What you will do → Among the records that follow, find each line holding the word "wear" and copy it.

Exercise inputs →
··········

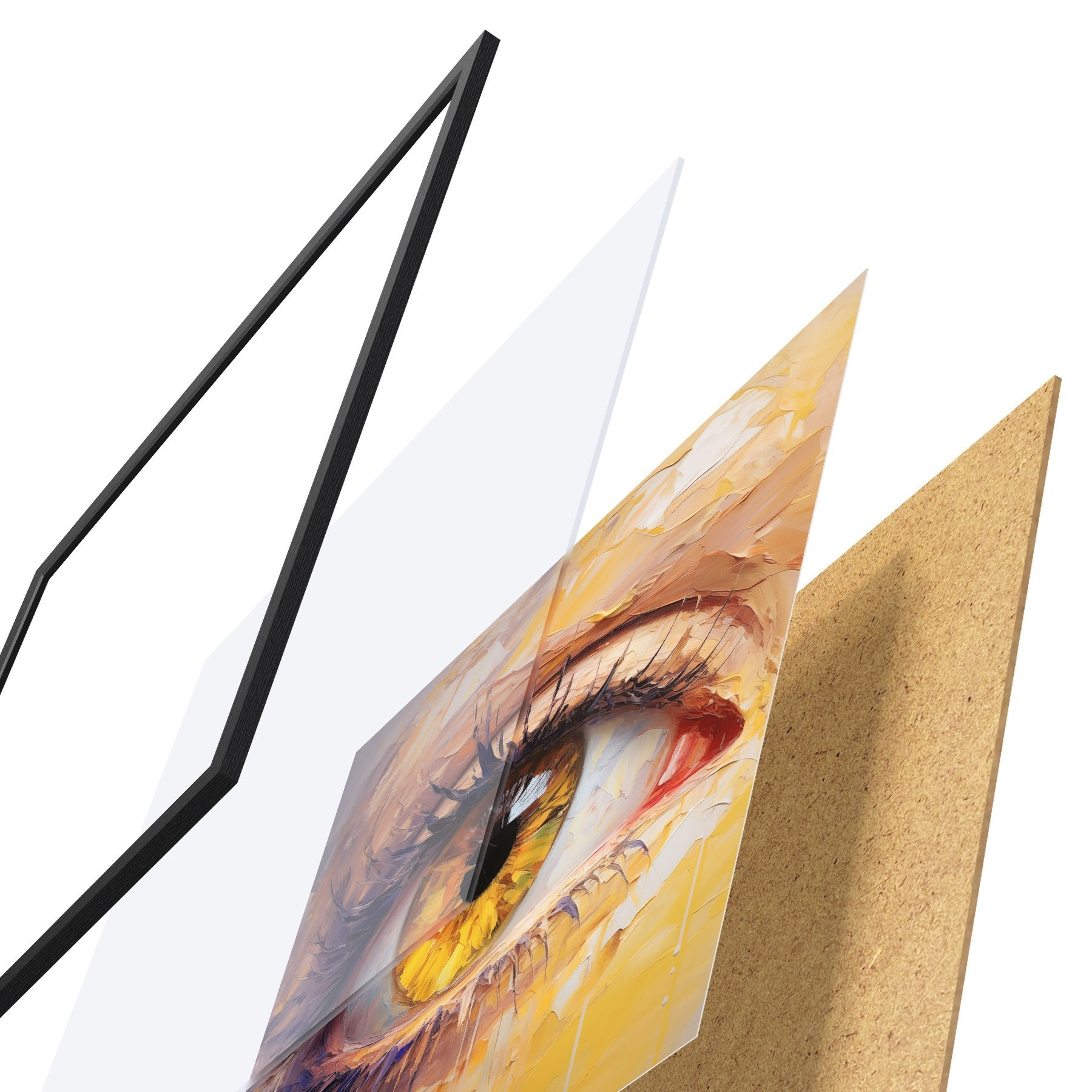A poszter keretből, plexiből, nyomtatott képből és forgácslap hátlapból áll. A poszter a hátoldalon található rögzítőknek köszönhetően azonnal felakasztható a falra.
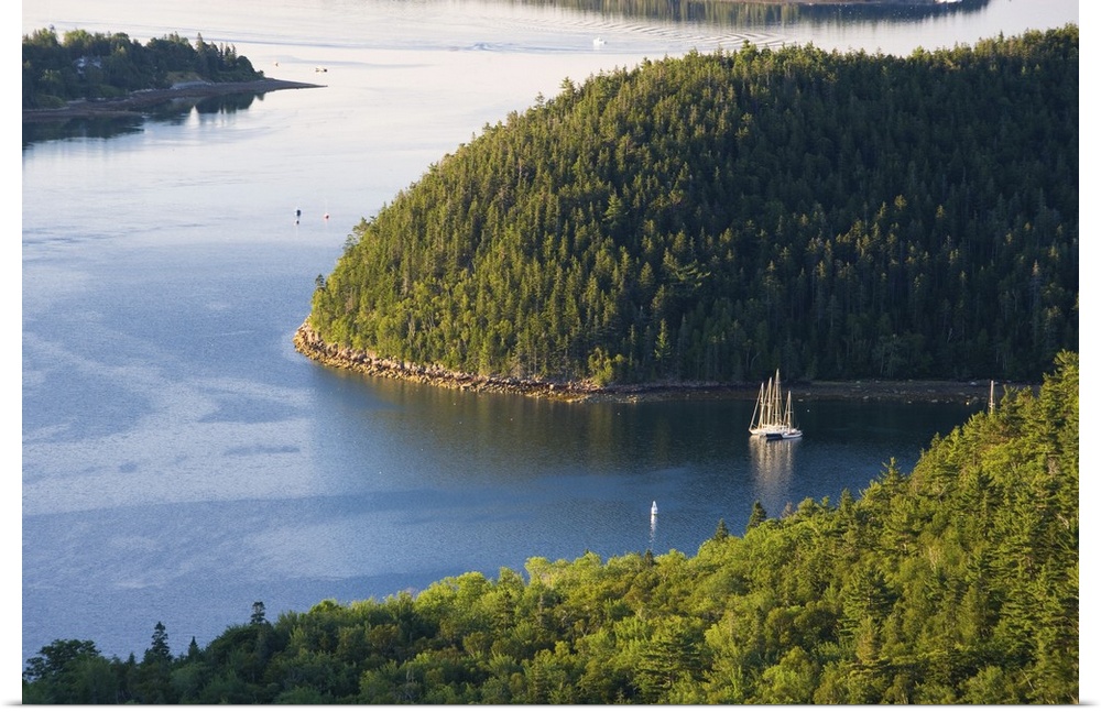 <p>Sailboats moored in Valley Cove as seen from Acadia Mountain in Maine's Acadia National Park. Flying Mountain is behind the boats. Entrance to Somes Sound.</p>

··········

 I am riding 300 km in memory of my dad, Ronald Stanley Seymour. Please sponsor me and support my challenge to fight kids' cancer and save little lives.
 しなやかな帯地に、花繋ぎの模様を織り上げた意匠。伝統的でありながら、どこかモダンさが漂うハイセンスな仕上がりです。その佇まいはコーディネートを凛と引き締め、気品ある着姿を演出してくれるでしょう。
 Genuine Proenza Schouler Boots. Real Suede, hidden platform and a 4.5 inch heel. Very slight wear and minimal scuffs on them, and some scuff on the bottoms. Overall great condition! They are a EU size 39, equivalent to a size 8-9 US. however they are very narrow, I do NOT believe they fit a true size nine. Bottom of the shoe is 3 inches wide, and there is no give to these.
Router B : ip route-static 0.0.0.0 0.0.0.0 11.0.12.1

··········

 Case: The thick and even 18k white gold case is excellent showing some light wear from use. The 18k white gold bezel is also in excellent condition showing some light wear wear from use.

··········

Response area →
 Genuine Proenza Schouler Boots. Real Suede, hidden platform and a 4.5 inch heel. Very slight wear and minimal scuffs on them, and some scuff on the bottoms. Overall great condition! They are a EU size 39, equivalent to a size 8-9 US. however they are very narrow, I do NOT believe they fit a true size nine. Bottom of the shoe is 3 inches wide, and there is no give to these.
 Case: The thick and even 18k white gold case is excellent showing some light wear from use. The 18k white gold bezel is also in excellent condition showing some light wear wear from use.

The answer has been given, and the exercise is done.